▸ **Task item**: Although the material holds pictures, none belong in the copy; transcribe exactly, and only, the lines from the one with "Repurpose a laundry" through the end.

▸ **Dataset excerpt**:

------------------------------------------------

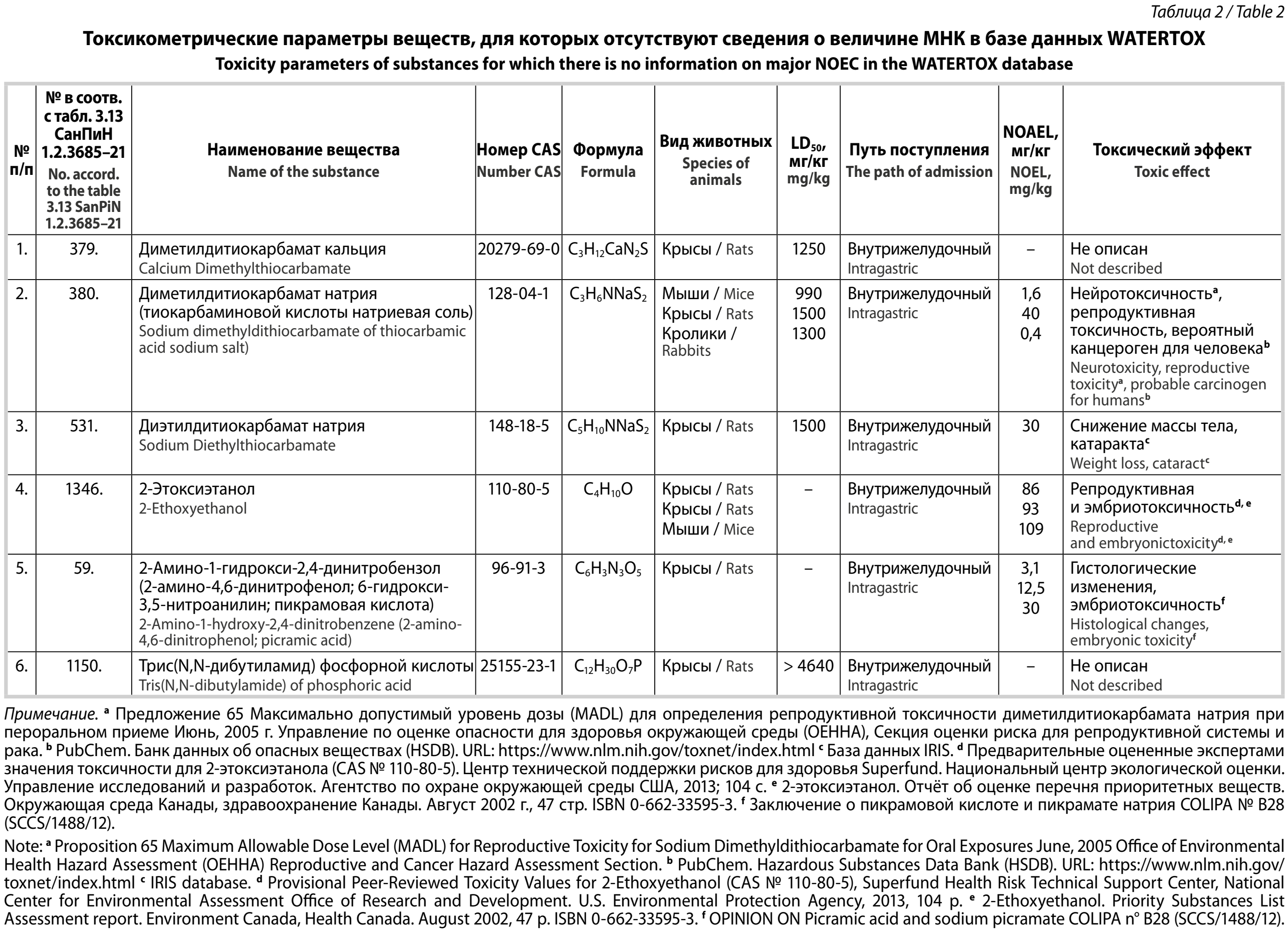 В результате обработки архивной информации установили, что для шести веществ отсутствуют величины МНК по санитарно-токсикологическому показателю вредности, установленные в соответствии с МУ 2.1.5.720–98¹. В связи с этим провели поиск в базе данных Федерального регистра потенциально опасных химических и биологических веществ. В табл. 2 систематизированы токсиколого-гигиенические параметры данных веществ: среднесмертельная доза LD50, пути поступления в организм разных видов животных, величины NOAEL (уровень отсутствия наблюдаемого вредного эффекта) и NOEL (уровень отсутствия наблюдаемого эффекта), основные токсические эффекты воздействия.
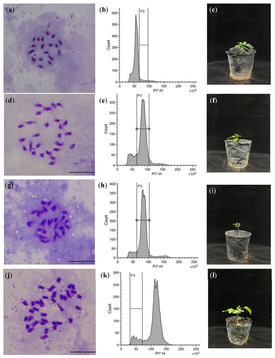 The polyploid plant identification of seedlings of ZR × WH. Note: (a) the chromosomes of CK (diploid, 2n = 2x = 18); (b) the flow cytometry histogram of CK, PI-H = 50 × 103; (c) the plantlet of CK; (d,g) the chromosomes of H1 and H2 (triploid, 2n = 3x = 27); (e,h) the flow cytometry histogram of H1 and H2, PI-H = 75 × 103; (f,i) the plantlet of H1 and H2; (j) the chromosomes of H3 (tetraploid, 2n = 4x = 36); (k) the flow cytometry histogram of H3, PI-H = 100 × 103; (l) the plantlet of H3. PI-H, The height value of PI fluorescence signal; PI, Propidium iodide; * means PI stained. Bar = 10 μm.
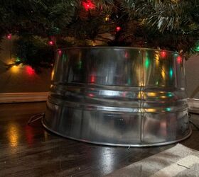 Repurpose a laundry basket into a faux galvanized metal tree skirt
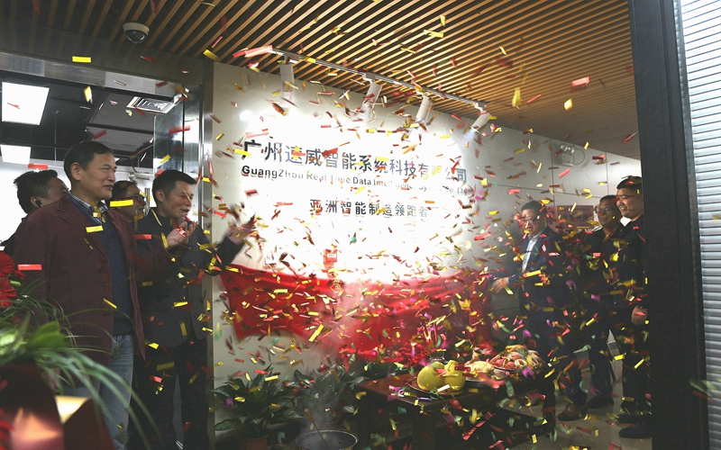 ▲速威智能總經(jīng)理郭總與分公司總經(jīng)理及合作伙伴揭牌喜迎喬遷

------------------------------------------------

▸ **Exercise response**:
 Repurpose a laundry basket into a faux galvanized metal tree skirt
 ▲速威智能總經(jīng)理郭總與分公司總經(jīng)理及合作伙伴揭牌喜迎喬遷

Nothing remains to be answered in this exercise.